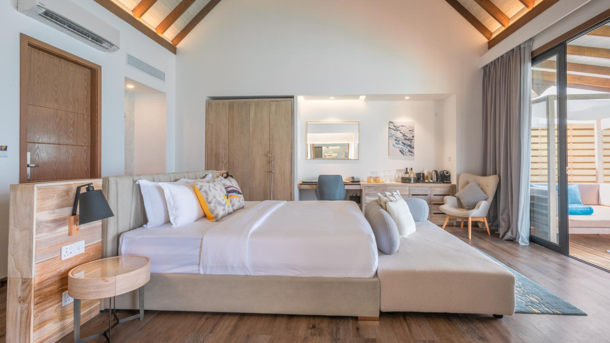 Jacuzzi vízi villa 91-100 nm, villa, különálló, vízi bungaló (cölöpökön a lagúna felett), kilátással a tengerre, fürdőkád, pezsgőfürdő, esőzuhany, WC, fürdőköpeny, hajszárító, fapadló, klíma, ventilátor, minibár térítés ellenében, széf, vasaló, TV, WiFi, vízforraló, kávé/tea, napozóterasz (bútorozva), közvetlen tengeri kijárat
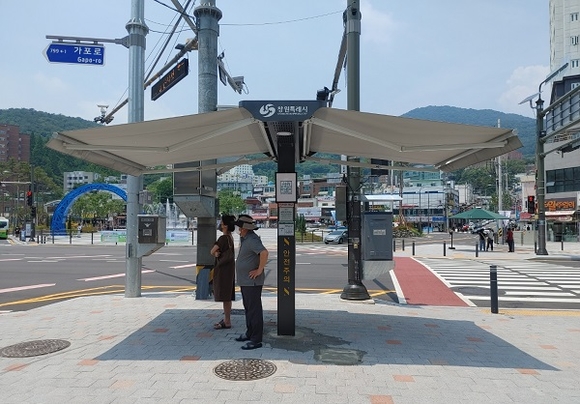 경남 창원시는 장마 후 본격적인 무더위를 앞두고 폭염으로 인한 인명피해를 예방하기 위해 유동인구가 많은 창원종합버스터미널 앞 사거리 등 10곳을 선정해 스마트그늘막을 시범 설치했다고 5일 밝혔다.
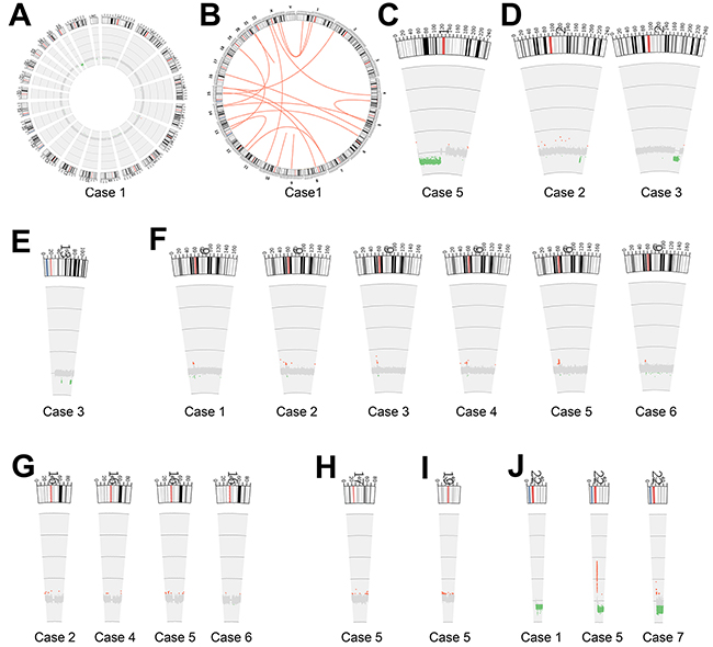 Figure 2: Patterns of chromosomal rearrangements and copy number alteration. A, B. Representative Circos images show (A) copy-number alternations and (B) intra- or inter- chromosomal rearrangements (case 5) across the whole genome. Red lines refer to translocations and inversions. C-J. show large fragment alterations and regional copy number variants on each chromosome across seven meningioma samples. Green color represents copy number deletion, and red represents copy number amplification.
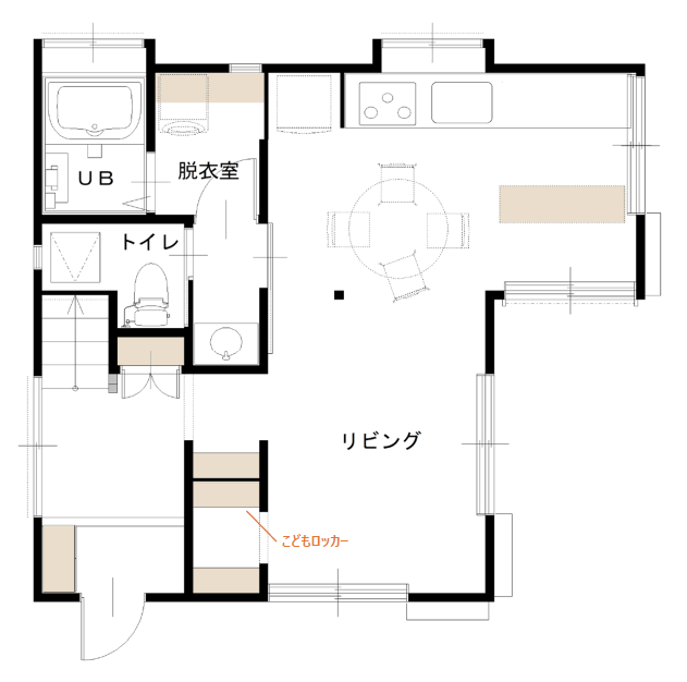 • こどもロッカーはリビングの一角に。必要なときすぐに出し入れできて、自分で物の管理をする様子を見守れます。

Goal of the exercise
Each line above is to be copied verbatim. Drop any image from the copy.

Problem solution
 Jacuzzi vízi villa 91-100 nm, villa, különálló, vízi bungaló (cölöpökön a lagúna felett), kilátással a tengerre, fürdőkád, pezsgőfürdő, esőzuhany, WC, fürdőköpeny, hajszárító, fapadló, klíma, ventilátor, minibár térítés ellenében, széf, vasaló, TV, WiFi, vízforraló, kávé/tea, napozóterasz (bútorozva), közvetlen tengeri kijárat
 경남 창원시는 장마 후 본격적인 무더위를 앞두고 폭염으로 인한 인명피해를 예방하기 위해 유동인구가 많은 창원종합버스터미널 앞 사거리 등 10곳을 선정해 스마트그늘막을 시범 설치했다고 5일 밝혔다.
 Figure 2: Patterns of chromosomal rearrangements and copy number alteration. A, B. Representative Circos images show (A) copy-number alternations and (B) intra- or inter- chromosomal rearrangements (case 5) across the whole genome. Red lines refer to translocations and inversions. C-J. show large fragment alterations and regional copy number variants on each chromosome across seven meningioma samples. Green color represents copy number deletion, and red represents copy number amplification.
 • こどもロッカーはリビングの一角に。必要なときすぐに出し入れできて、自分で物の管理をする様子を見守れます。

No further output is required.